Cool, there are people out there struggling with the same problem so it is worth to spent some time :-)
I agree with westsider's statement as I spent a few weeks of experimenting with different approaches and ended up with poor results. I am sure that there won't be an acceptable solution for either larger distances or slow motions lasting for more than 1 or 2 seconds. If you can live with some restrictions like small distances (< 10 cm) and a given minimum velocity for your motions, then I believe there might be the chance to find a solution - no guarantee at all.
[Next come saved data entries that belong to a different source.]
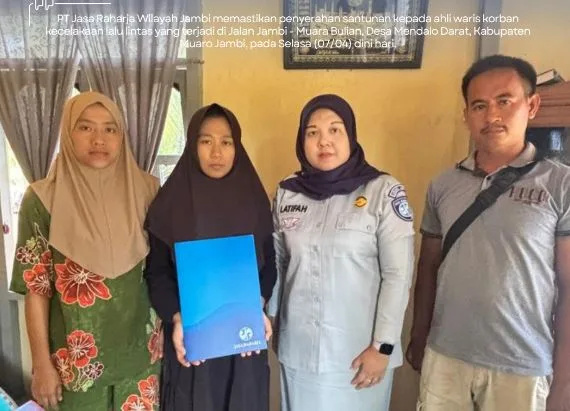 MUARO JAMBI, BITNews.id – PT Jasa Raharja Wilayah Jambi menyerahkan santunan kepada ahli waris korban kecelakaan lalu lintas yang terjadi di Jalan Jambi–Muara Bulian, Desa Mendalo Darat, Kabupaten Muaro Jambi, Selasa (7/4/2026) dini hari.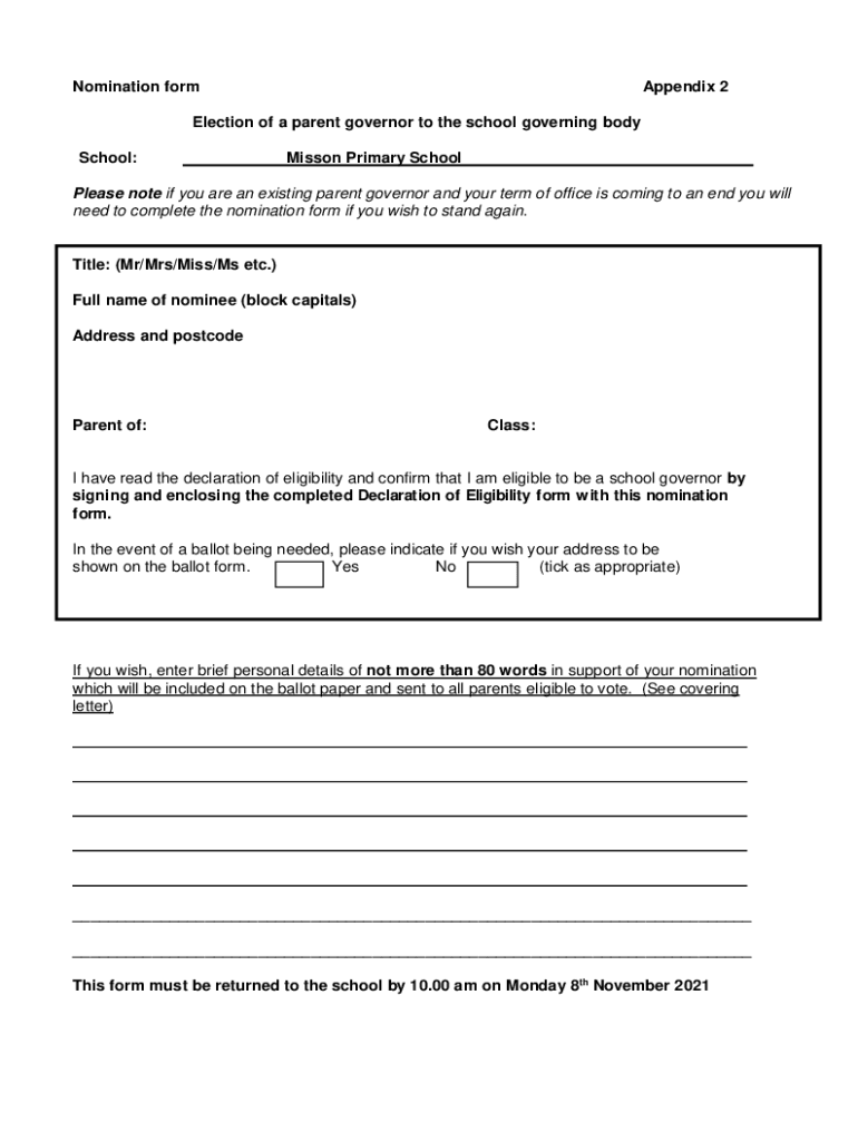 Get the free Nomination form Election of a Parent Governor to the ... - missonprimary co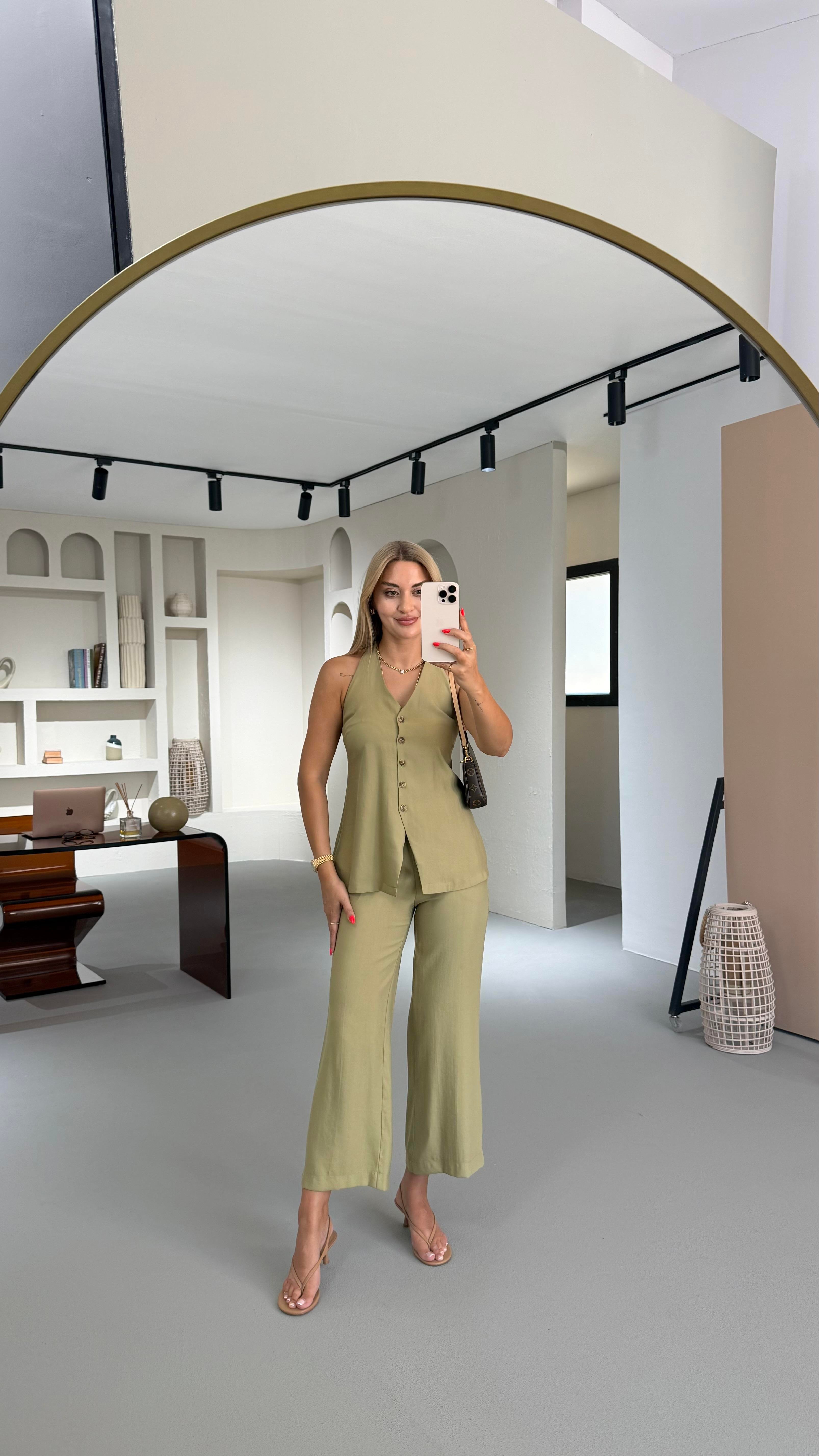 Kemik Düğme Detay Haki Flare Pantolon (PNT-0546-HAKİ)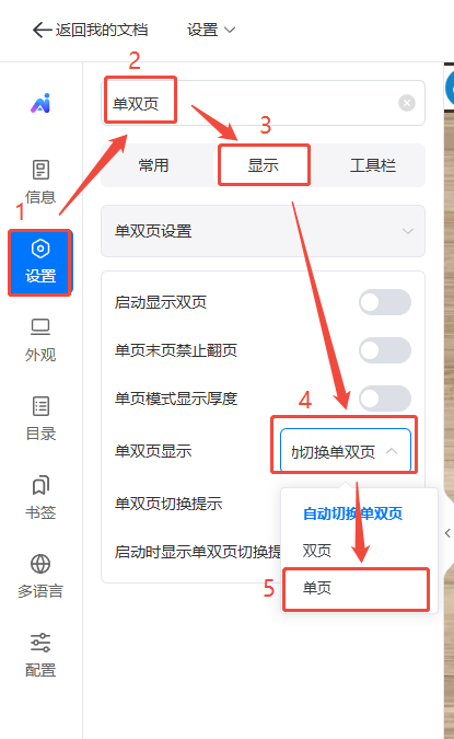 電腦端打開電子書是默認(rèn)雙頁顯示的,需要單頁顯示可以在后臺(tái)設(shè)置一下實(shí)現(xiàn)單頁翻頁效果(移動(dòng)端默認(rèn)豎屏單頁翻頁效果,無需設(shè)置)。

If so, it will take you a pretty hard time of research and a lot of frustration, but if you get it, it will be very very cool :-) Maybe you find these hints useful:
First of all to make things easy just look at one axis e.g x but consider both left (-x) and right (+x) to have a representable situation.
Yes you are right, you have to integrate twice to get the position as function of time. And for further processing you should store the first integration's result (== velocity), because you will need it in a later stage for optimisation. Do it very careful because every tiny bug will lead to huge errors after short period of time.
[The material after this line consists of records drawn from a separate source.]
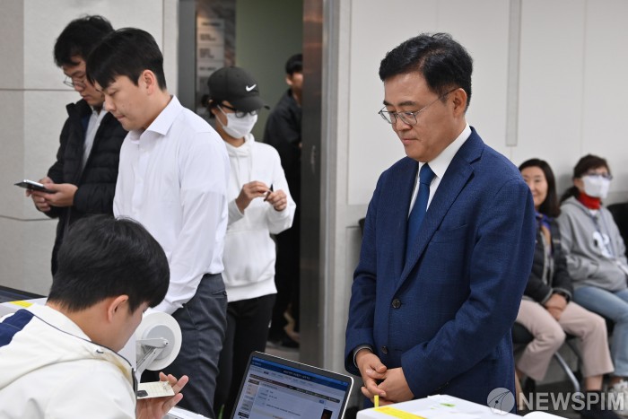 [서울=뉴스핌] 윤창빈 기자 = 진교훈 강서구청장 후보가 6일 오전 서울 강서구 화곡6동 사전투표소에서 투표를 하기 전 본인확인을 하고있다. 2023.10.06 pangbin@newspim.com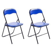 CLP 2er Set Klappstuhl Felix Gepolstert I Küchenstuhl Mit Metallgestell I Kunstleder PVC Sitz Gepolstert I Stühle Klappbar I Campingstühle, Farbe:blau/schwarz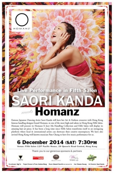 Saori是日本著名的舞蹈藝術家,她會一邊聽著音樂,一邊跳舞,一邊繪畫。她曾經跟多個國際時裝及美容品牌合作,包括Vivienne Tam及shu uemura等等。而今次更是她第一次來香港作現場的藝術表演!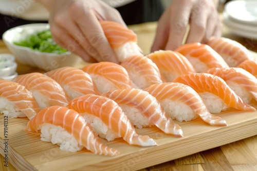 Skilled experienced japanese master chef preparing sushi rolls traditional cuisine restaurant bistro slicing fresh salmon fish tasty delicious gourmet dish seafood rice cook preparing order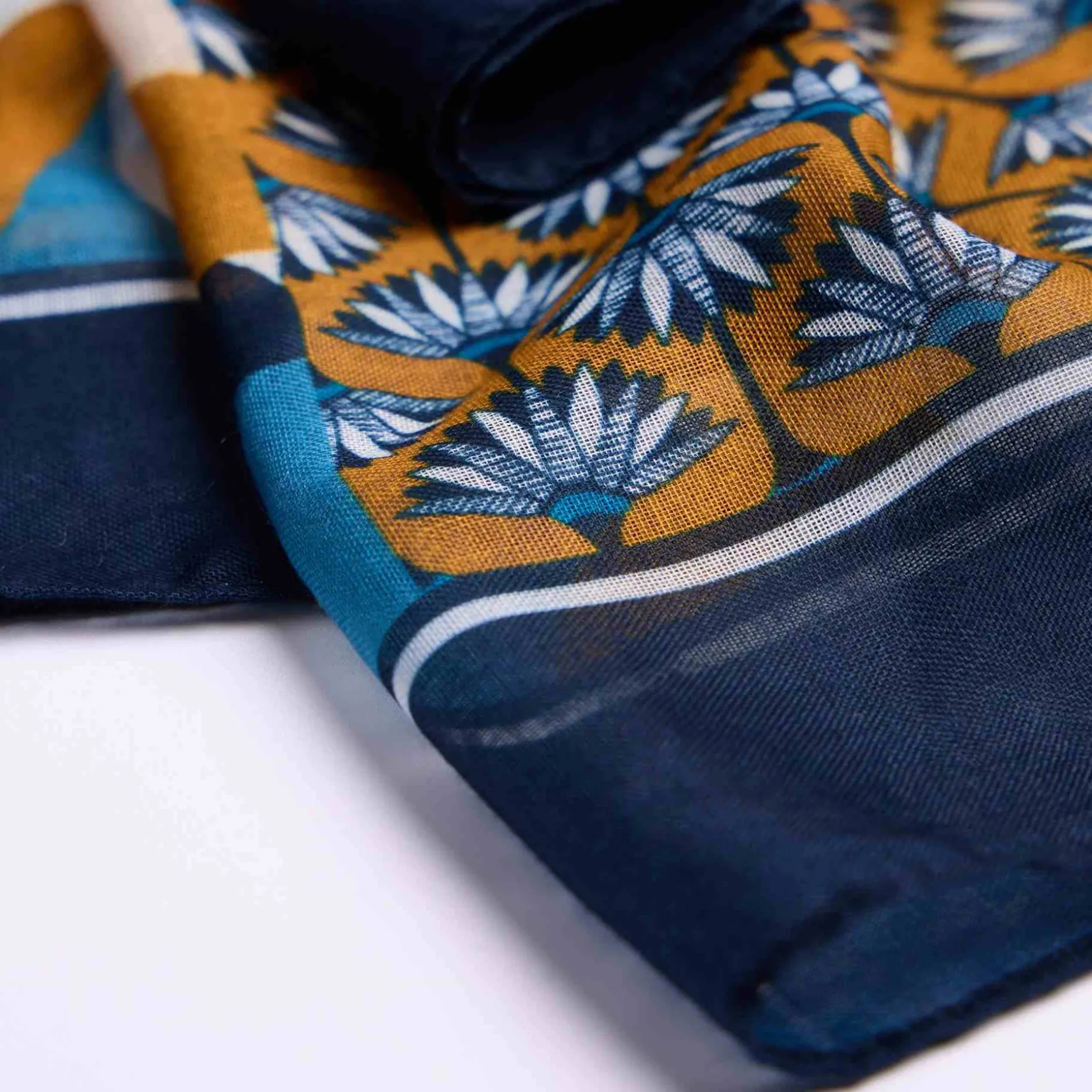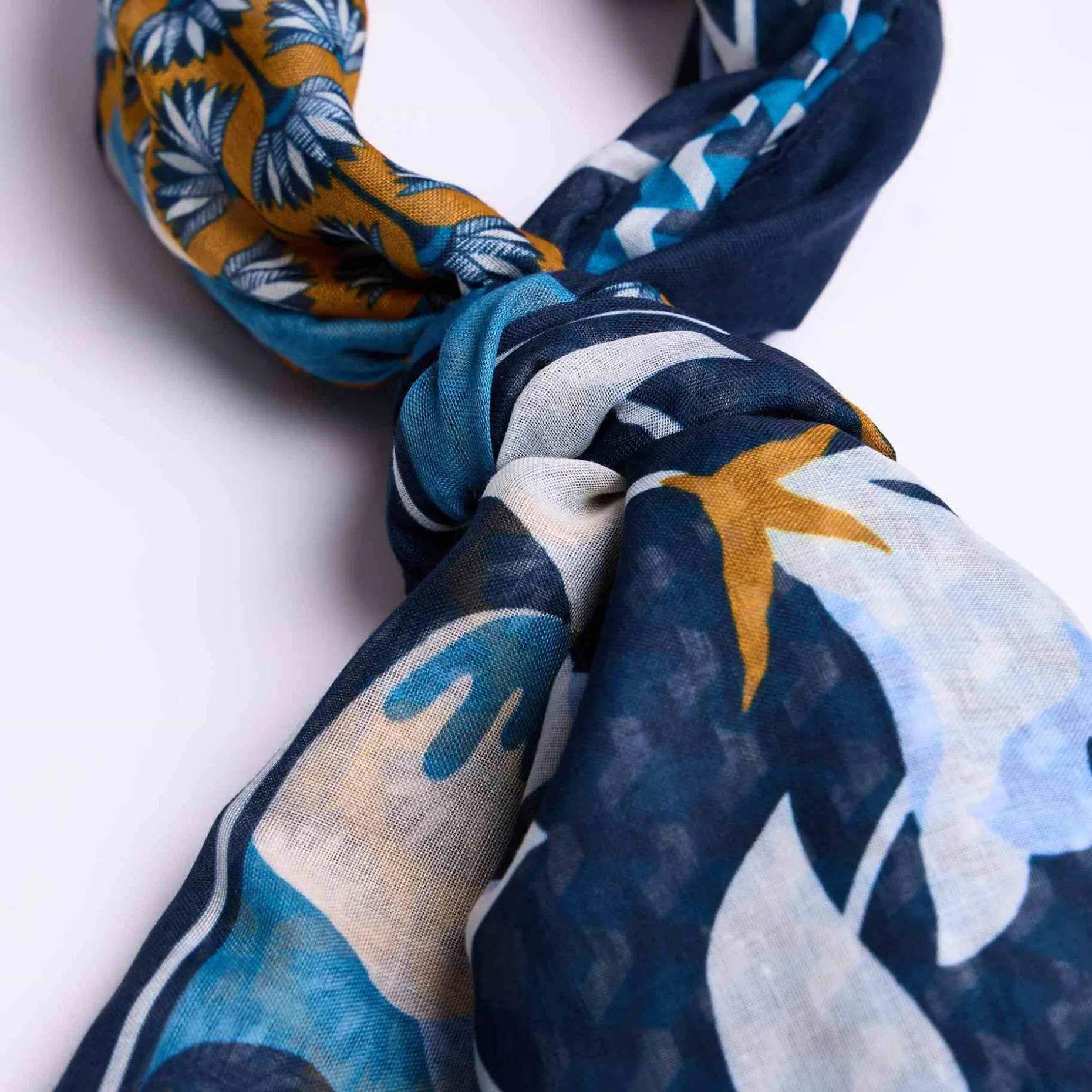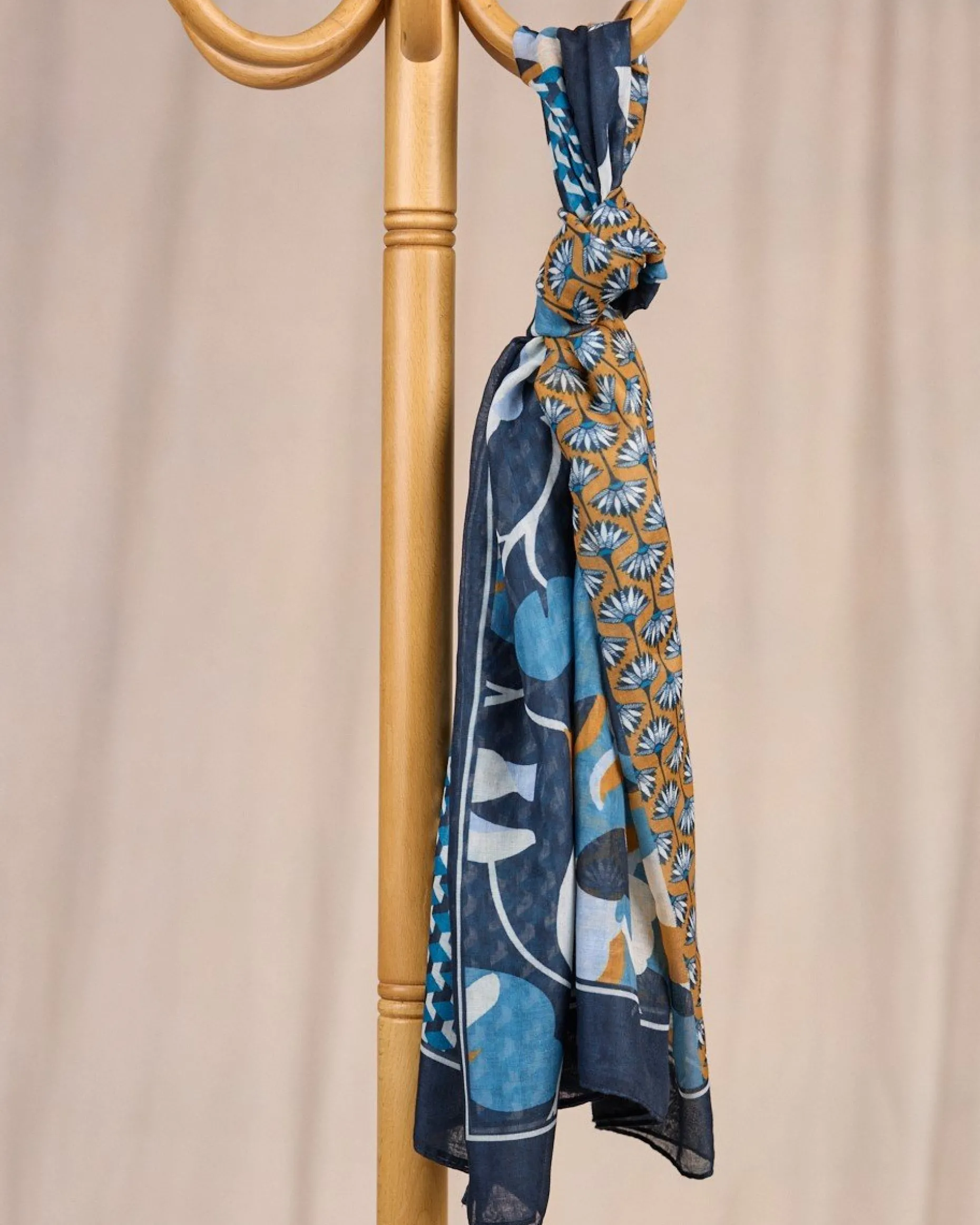 Accessoire élégant par excellence, ce chèche bleu féminin rehausse vos tenues et comporte des motifs raffinés. Son tissu léger et doux est entièrement réalisé en polyester recyclé. Il vous habille en toute simplicité et se noue au gré de vos envies autour de votre cou, de votre sac ou dans vos cheveux !

Always bear in mind that even a very small error (e.g. <0.1%) will grow rapidly after doing integration twice. Situation will become even worse after one second if you configure accelerometer with let's say 50 Hz, i.e. 50 ticks are processed and the tiny neglectable error will outrun the "true" value. I would strongly recommend to not rely on trapezoidal rule but to use at least Simpson or a higher degree Newton-Cotes formula.
If you managed this, you will have to keep an eye on setting up the right low pass filtering. I cannot give a general value but as a rule of thumb experimenting with filtering factors between 0.2 and 0.8 will be a good starting point. The right value depends on the business case you need, for instance what kind of game, how fast to react on events, ...
Now you will have a solution which is working pretty good under certain circumstances and within a short period of time. But than after a few seconds you will run into trouble because your object is drifting away. Now you will enter the difficult part of the solution which I failed to handle eventually within the given time scope :-(
One promising approach is to introduce something I call "synthectic forces" or "virtual forces". This is some strategy to react on several bad situations triggering the object to drift away although the device remains fixed (? no native speaker, I mean without moving) in your hands. The most troubling one is a velocity greater than 0 without any acceleration. This is an unavoidable result of error propagation and can be handled by slowing down artificially that means introducing a virtual deceleration even if there is no real counterpart. A very simplified example:
if (vX > 0 && lastAccelerationXTimeStamp > 0.3sec) {
vX *= 0.9;
}
`
You will need a combination of such conditions to tame the beast. A lot of try and error is required to get a feeling for the right way to go and this will be the hard part of the problem.
If you ever managed to crack the code, pleeeease let me know, I am very curious to see if it is possible in general or not :-)
Cheers Kay